_AVAILABLE DATA:_
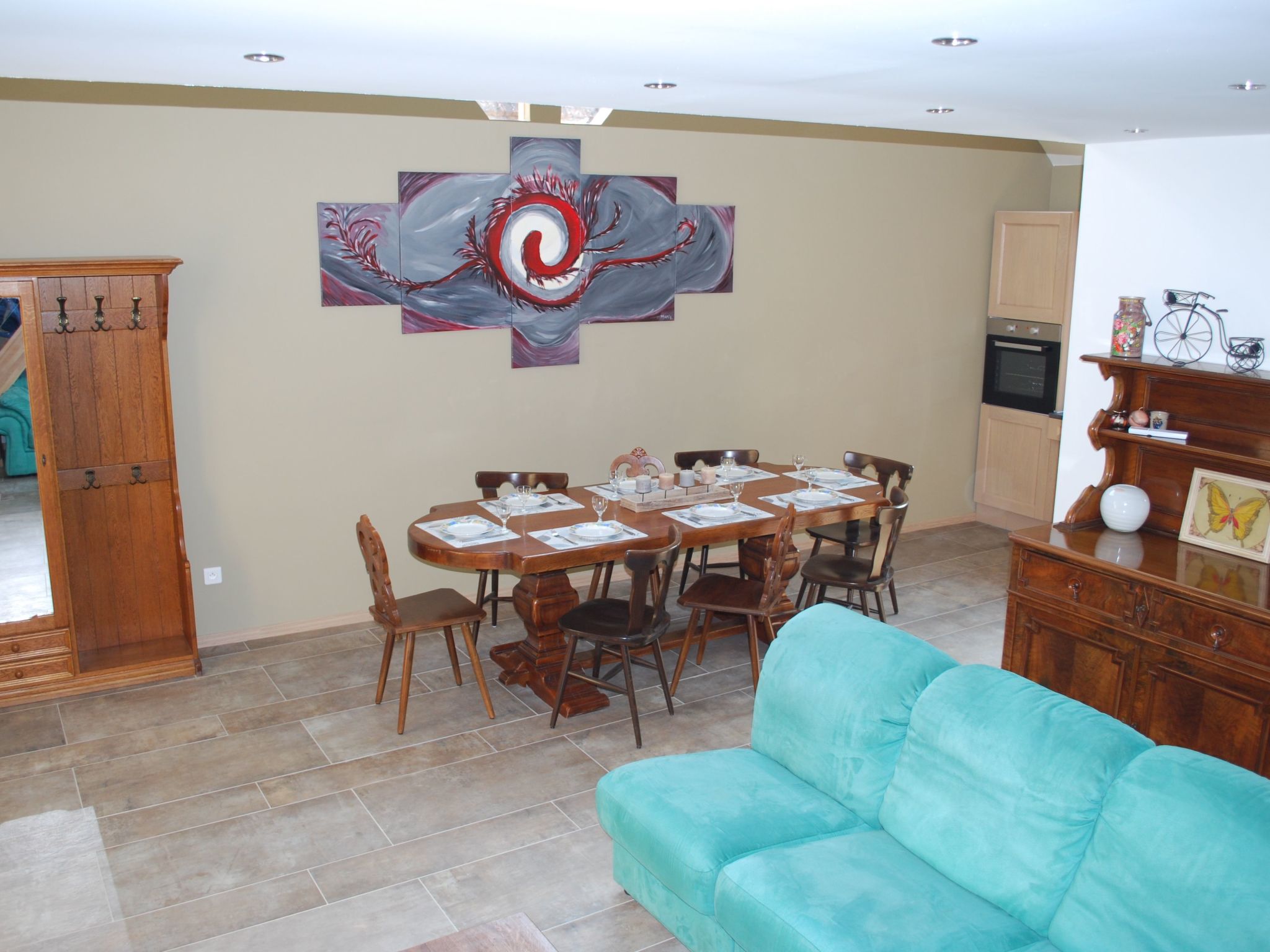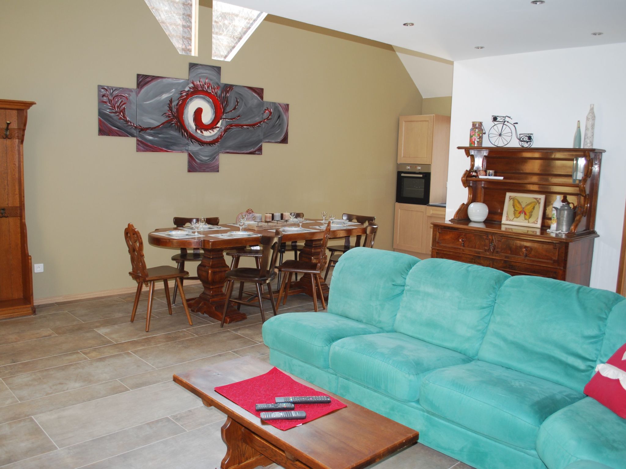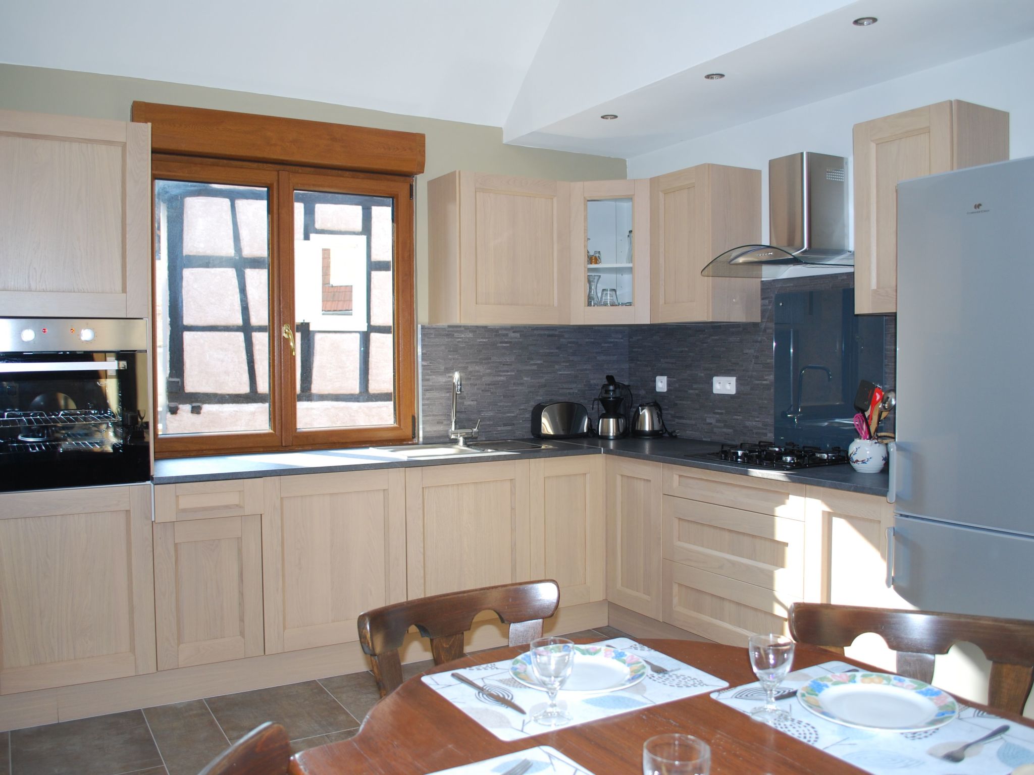 The outside of the gîte is not to be outdone, offering an area with a garden table and barbecue, ideal for outdoor meals or simply relaxing under the Alsatian sky. There is also an enclosed parking space for added security. Electric roller shutters on each window allow you to adjust the brightness and preserve your privacy at all times.
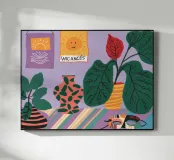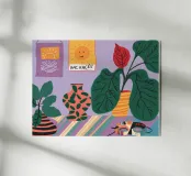 Un angolo accogliente pieno di piante da appartamento, libri sulle vacanze e oggetti decorativi. La scena cattura l'essenza di una casa moderna e bohémien, piena di vita e personalità.
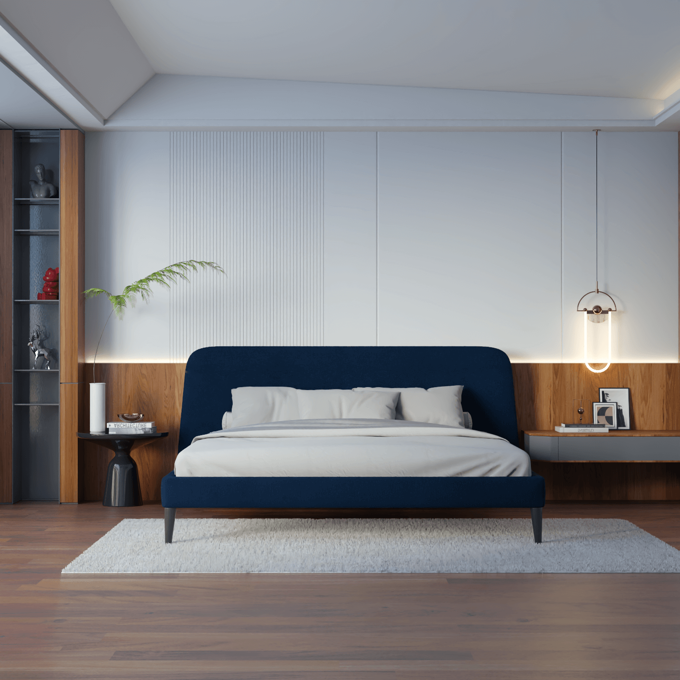 Das Selma-Bett kombiniert ein elegantes, modernes Design mit einem weichen, geschwungenen Kopfteil, das für eine gemütliche Note sorgt. Sein minimalistischer Rahmen steht auf konischen Beinen und verleiht ihm ein leichtes und luftiges Gefühl. Das Selma-Bett ist perfekt für jedes Schlafzimmer und bringt mit seinen klaren Linien und seiner robusten Konstruktion sowohl Entspannung als auch Eleganz. Eine großartige Wahl für alle, die ein einfaches, aber elegantes Bett suchen.
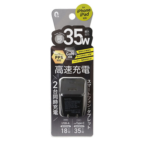 クオリティトラストジャパン QU0201BK PD35W対応 Type-C 1ポート USB1ポート ACアダプタ ブラック
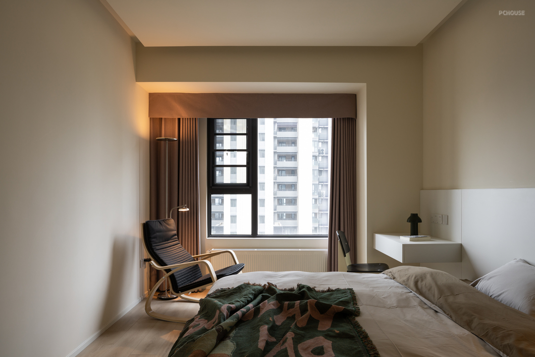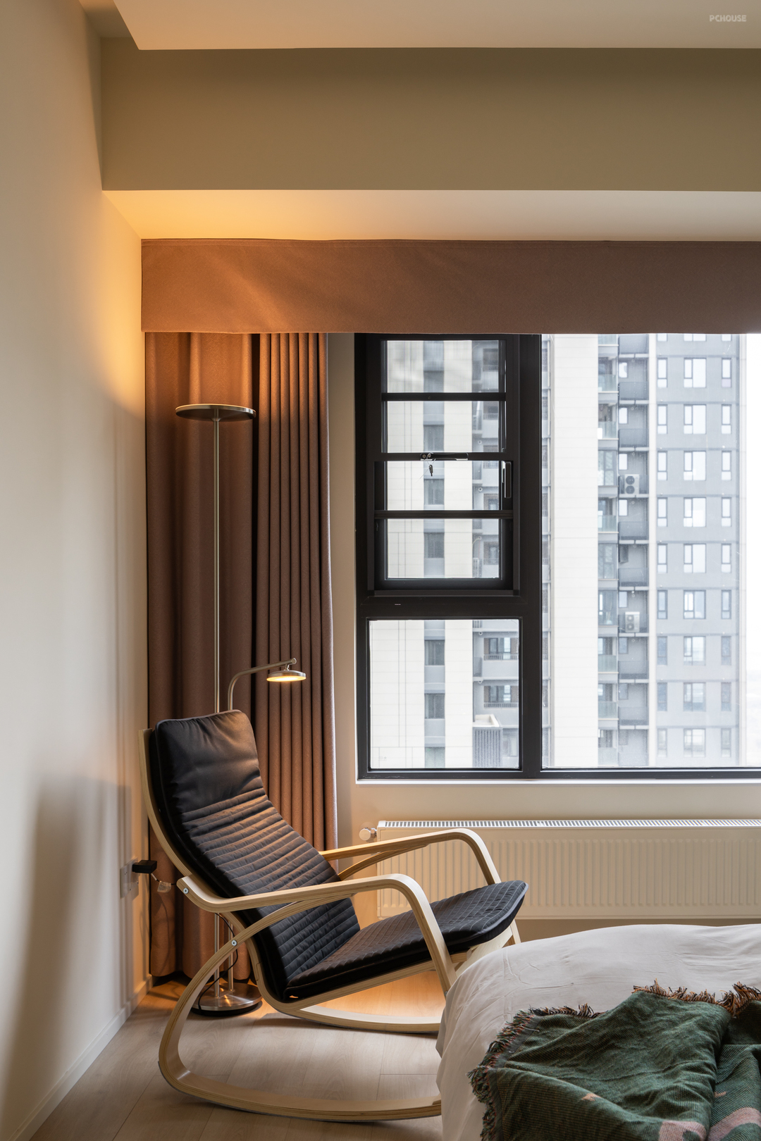 主卧的角落是屋主的另一个自留地。深夜,屋主便可在这个落地灯照亮的静谧角落,翻翻书、酝酿睡意。
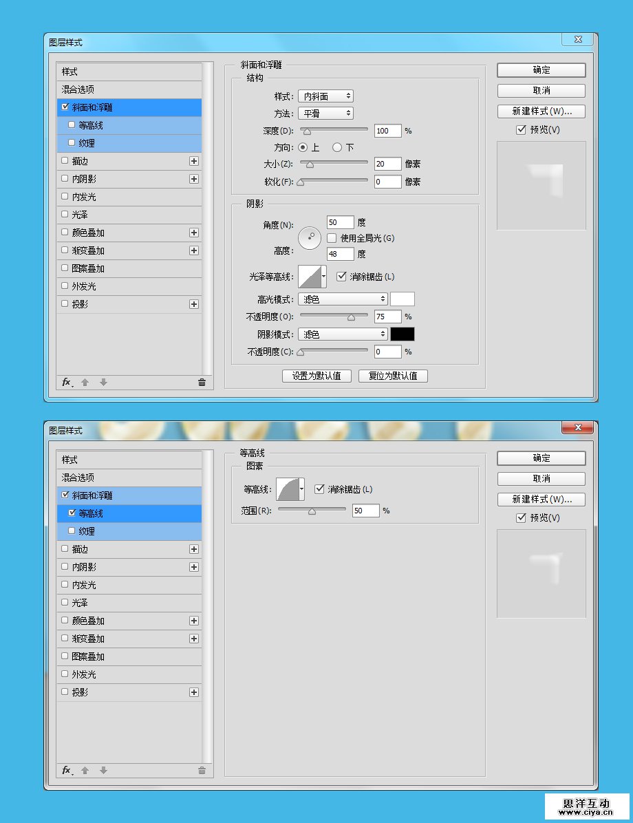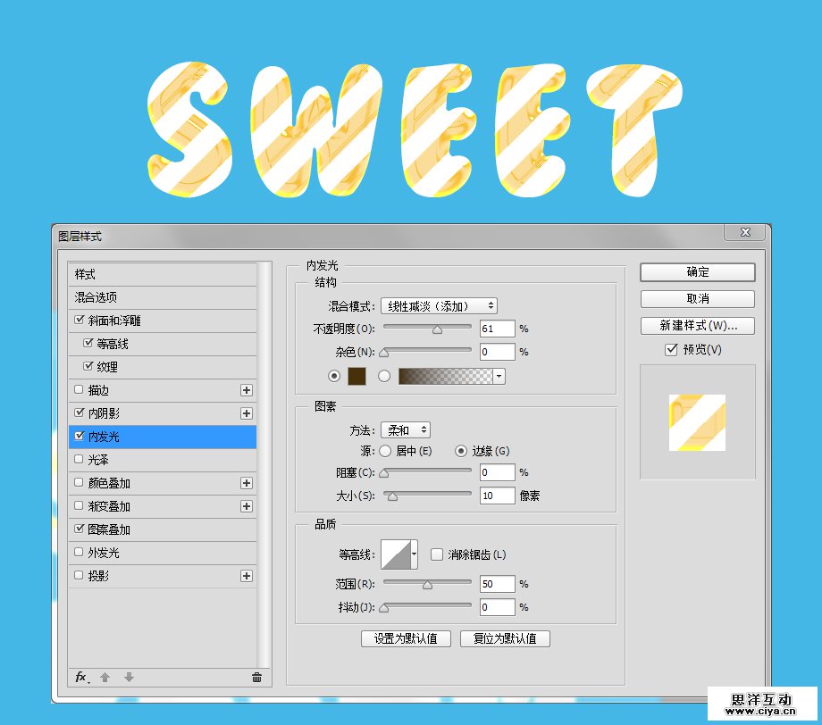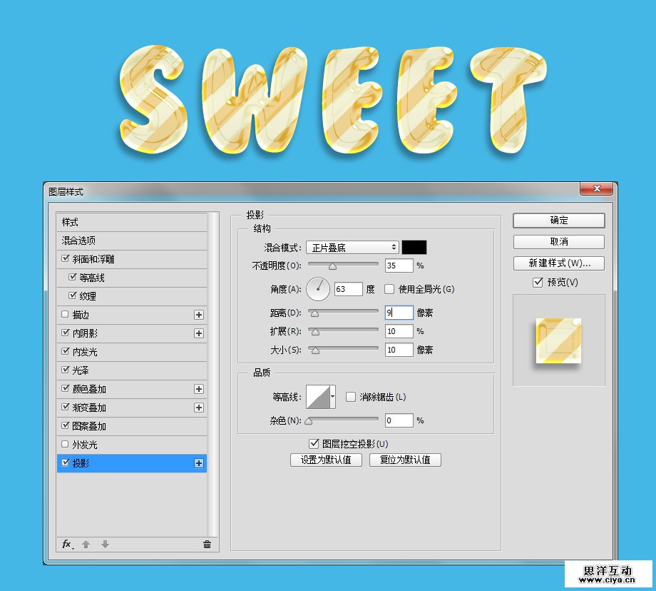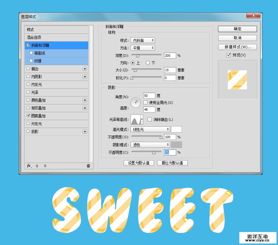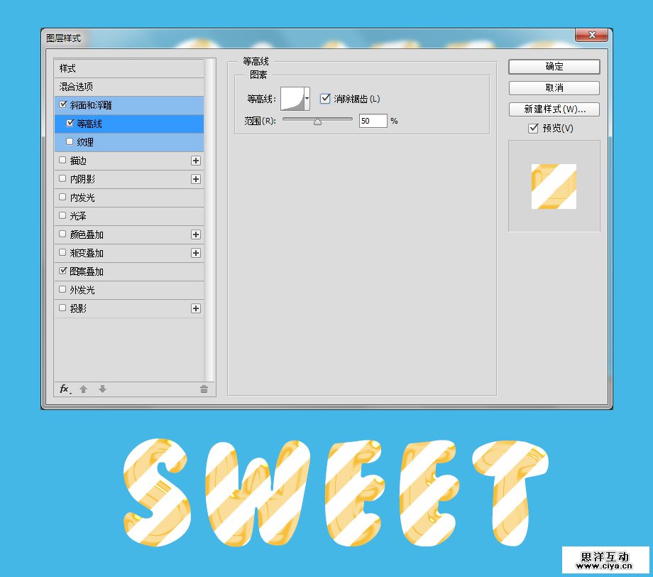 还记得我们的复制层吗?填充虽然被降低为0,但给它添加图层样式依然有效。这时,我们打开“sweet”的复制层的图层样式中的“斜面与浮雕”,为文字添加高光。而与此同时等高线变为弧形,增添了文字表面高光的圆润感。
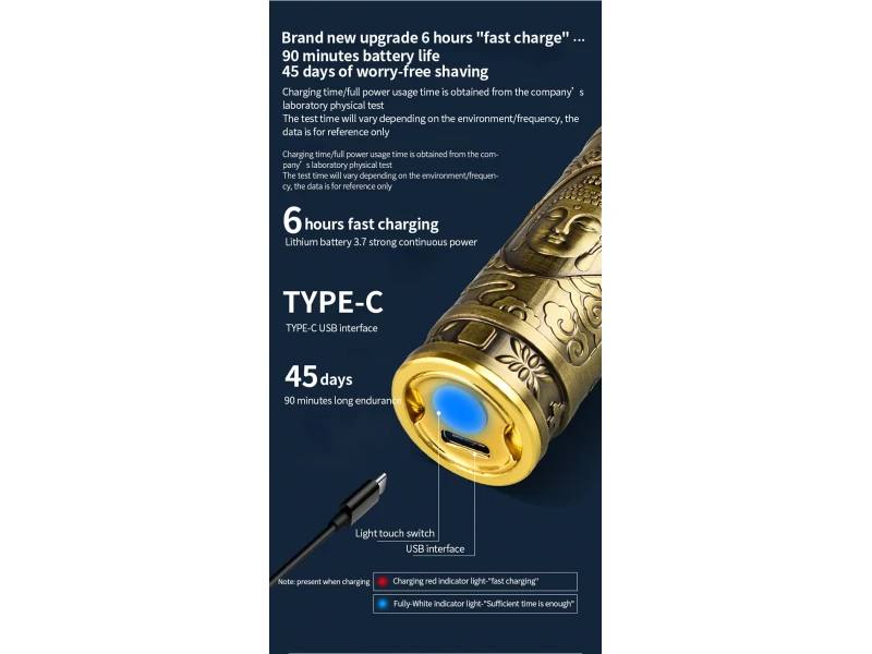 Αυτή η συσκευή διαθέτει εργονομικό σχήμα, εύκολη στη χρήση, δεν αγγίζει ή ερεθίζει το δέρμα. Διαθέτει κουμπί ON/OFF στη βάση του, και η φόρτιση γίνεται μέσω του καλωδίου USB που περιλαμβάνεται στη συσκευασία.
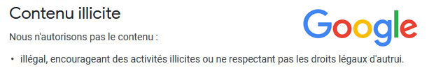 Mais pour ça, ce que les médias n'ont pas parlés, l'entente ne s'arrête pas là, malheureusement le gouvernement demande à Google de censurer sur tous les groupes identitaires, musulmans, juifs, Antifa, donc avec son programme Adsense que vous pouvez installer pour publier les publicités venant de ses clients, Google vous surveille, vous dit ce que vous avez le droit de publier.
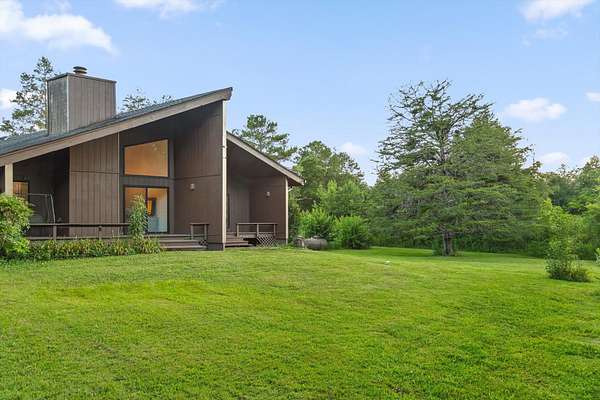 Poplar wood-paneled interiors and cathedral ceilings create a warm, open atmosphere. A signature centerpiece is the floor-to-ceiling double-sided rock fireplace serving both living and dining spaces.
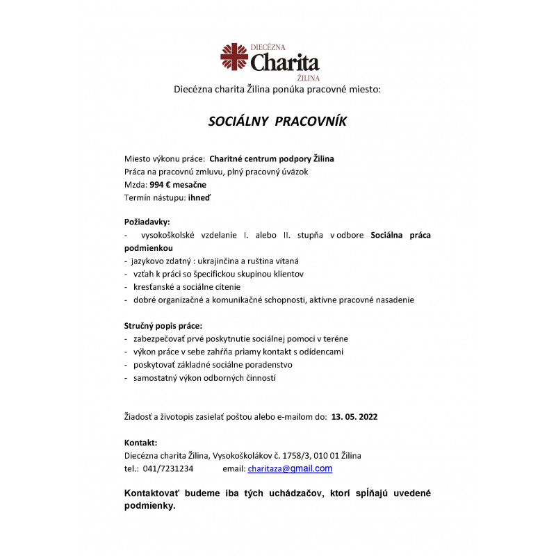 Miesto výkonu práce: Charitné centrum podpory Žilina
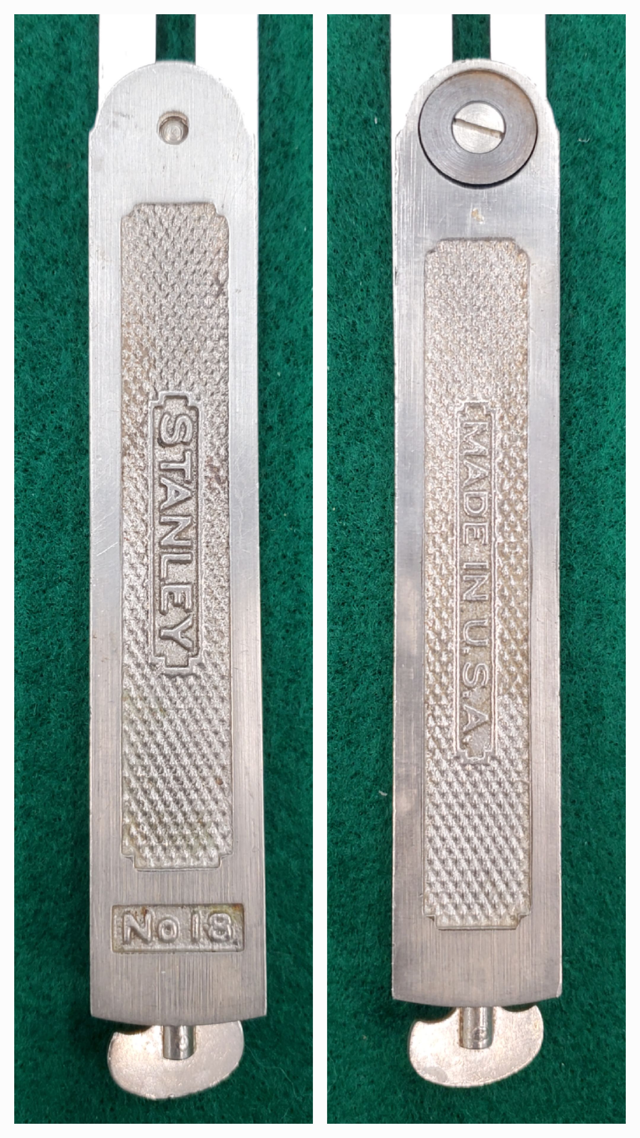 The patent date is no longer present anywhere on the bevel. “STANLEY" continues on one side while the patent date is replaced on the other by "MADE IN U.S.A". The style of stippling has changed as well. H and I are both scarce and were probably manufactured for a short period of time. [Full Image]
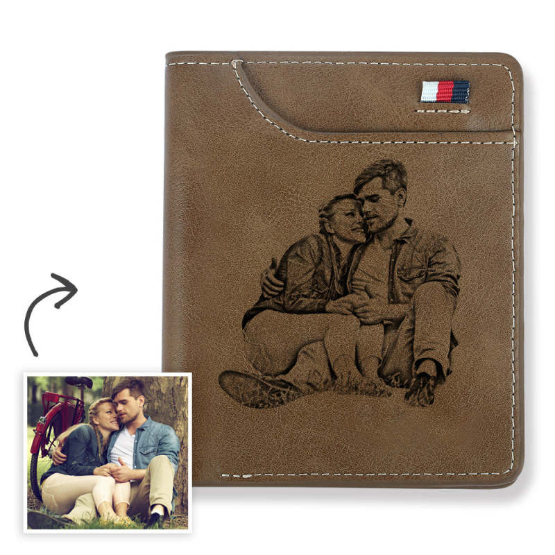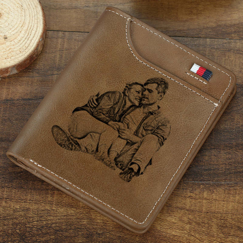 Men's Personalized Photo Engraved Wallet Brown Leather
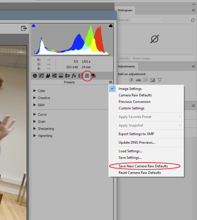 Auto-apply ACR standard settings to jpg files

_WHAT YOU ARE ASKED TO DO:_ Extract every line of the data exactly; pictures stay out.

_TASK SOLUTION:_
 The outside of the gîte is not to be outdone, offering an area with a garden table and barbecue, ideal for outdoor meals or simply relaxing under the Alsatian sky. There is also an enclosed parking space for added security. Electric roller shutters on each window allow you to adjust the brightness and preserve your privacy at all times.
 Un angolo accogliente pieno di piante da appartamento, libri sulle vacanze e oggetti decorativi. La scena cattura l'essenza di una casa moderna e bohémien, piena di vita e personalità.
 Das Selma-Bett kombiniert ein elegantes, modernes Design mit einem weichen, geschwungenen Kopfteil, das für eine gemütliche Note sorgt. Sein minimalistischer Rahmen steht auf konischen Beinen und verleiht ihm ein leichtes und luftiges Gefühl. Das Selma-Bett ist perfekt für jedes Schlafzimmer und bringt mit seinen klaren Linien und seiner robusten Konstruktion sowohl Entspannung als auch Eleganz. Eine großartige Wahl für alle, die ein einfaches, aber elegantes Bett suchen.
 クオリティトラストジャパン QU0201BK PD35W対応 Type-C 1ポート USB1ポート ACアダプタ ブラック
 主卧的角落是屋主的另一个自留地。深夜,屋主便可在这个落地灯照亮的静谧角落,翻翻书、酝酿睡意。
 还记得我们的复制层吗?填充虽然被降低为0,但给它添加图层样式依然有效。这时,我们打开“sweet”的复制层的图层样式中的“斜面与浮雕”,为文字添加高光。而与此同时等高线变为弧形,增添了文字表面高光的圆润感。
 Αυτή η συσκευή διαθέτει εργονομικό σχήμα, εύκολη στη χρήση, δεν αγγίζει ή ερεθίζει το δέρμα. Διαθέτει κουμπί ON/OFF στη βάση του, και η φόρτιση γίνεται μέσω του καλωδίου USB που περιλαμβάνεται στη συσκευασία.
 Mais pour ça, ce que les médias n'ont pas parlés, l'entente ne s'arrête pas là, malheureusement le gouvernement demande à Google de censurer sur tous les groupes identitaires, musulmans, juifs, Antifa, donc avec son programme Adsense que vous pouvez installer pour publier les publicités venant de ses clients, Google vous surveille, vous dit ce que vous avez le droit de publier.
 Poplar wood-paneled interiors and cathedral ceilings create a warm, open atmosphere. A signature centerpiece is the floor-to-ceiling double-sided rock fireplace serving both living and dining spaces.
 Miesto výkonu práce: Charitné centrum podpory Žilina
 The patent date is no longer present anywhere on the bevel. “STANLEY" continues on one side while the patent date is replaced on the other by "MADE IN U.S.A". The style of stippling has changed as well. H and I are both scarce and were probably manufactured for a short period of time. [Full Image]
 Men's Personalized Photo Engraved Wallet Brown Leather
 Auto-apply ACR standard settings to jpg files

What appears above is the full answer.